- Opening Delimiter -
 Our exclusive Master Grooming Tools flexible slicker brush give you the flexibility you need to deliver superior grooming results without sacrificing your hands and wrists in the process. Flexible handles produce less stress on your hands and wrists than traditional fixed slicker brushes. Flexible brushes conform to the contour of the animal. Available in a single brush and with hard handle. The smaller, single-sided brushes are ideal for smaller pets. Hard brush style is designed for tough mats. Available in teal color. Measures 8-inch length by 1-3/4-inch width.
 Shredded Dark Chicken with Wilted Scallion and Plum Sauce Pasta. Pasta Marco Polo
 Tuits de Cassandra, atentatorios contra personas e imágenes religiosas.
- Closing Delimiter -
- Opening Delimiter -
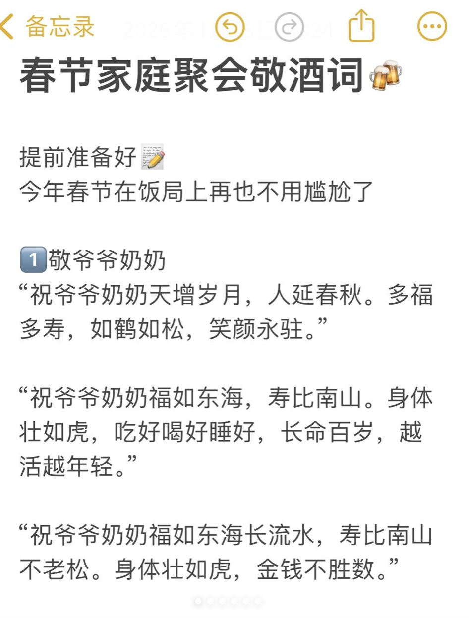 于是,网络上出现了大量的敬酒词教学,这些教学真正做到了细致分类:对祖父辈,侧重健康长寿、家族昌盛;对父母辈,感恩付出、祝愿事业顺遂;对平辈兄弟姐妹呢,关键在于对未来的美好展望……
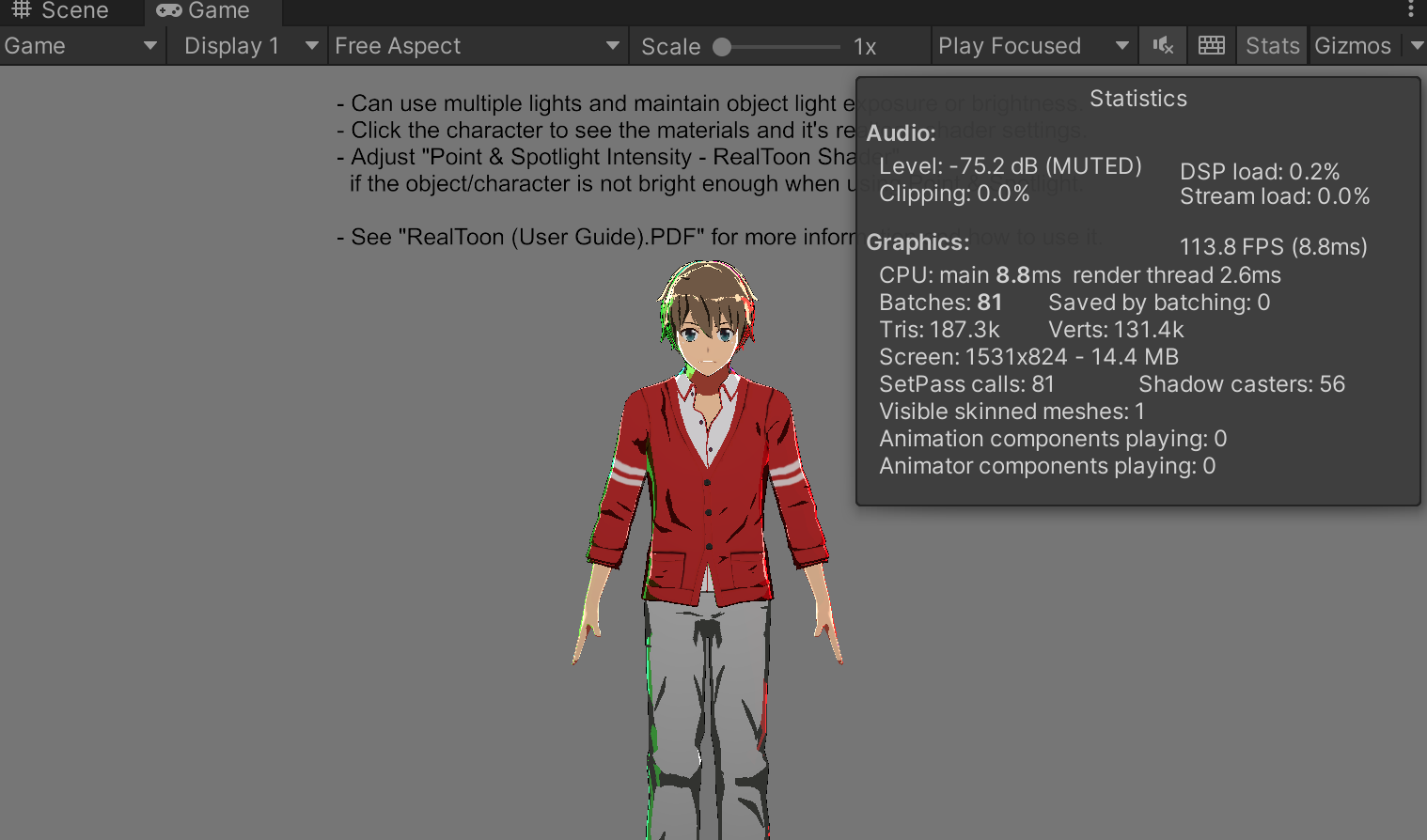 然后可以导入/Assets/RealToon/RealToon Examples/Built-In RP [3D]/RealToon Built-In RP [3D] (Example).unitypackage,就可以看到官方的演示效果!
- Closing Delimiter -
**Action item:** Reproduce exactly, and with no other material, the lines between those holding "Our exclusive Master" and "Tuits de Cassandra, atentatorios", inclusive.

**Exercise solution:**
 Our exclusive Master Grooming Tools flexible slicker brush give you the flexibility you need to deliver superior grooming results without sacrificing your hands and wrists in the process. Flexible handles produce less stress on your hands and wrists than traditional fixed slicker brushes. Flexible brushes conform to the contour of the animal. Available in a single brush and with hard handle. The smaller, single-sided brushes are ideal for smaller pets. Hard brush style is designed for tough mats. Available in teal color. Measures 8-inch length by 1-3/4-inch width.
 Shredded Dark Chicken with Wilted Scallion and Plum Sauce Pasta. Pasta Marco Polo
 Tuits de Cassandra, atentatorios contra personas e imágenes religiosas.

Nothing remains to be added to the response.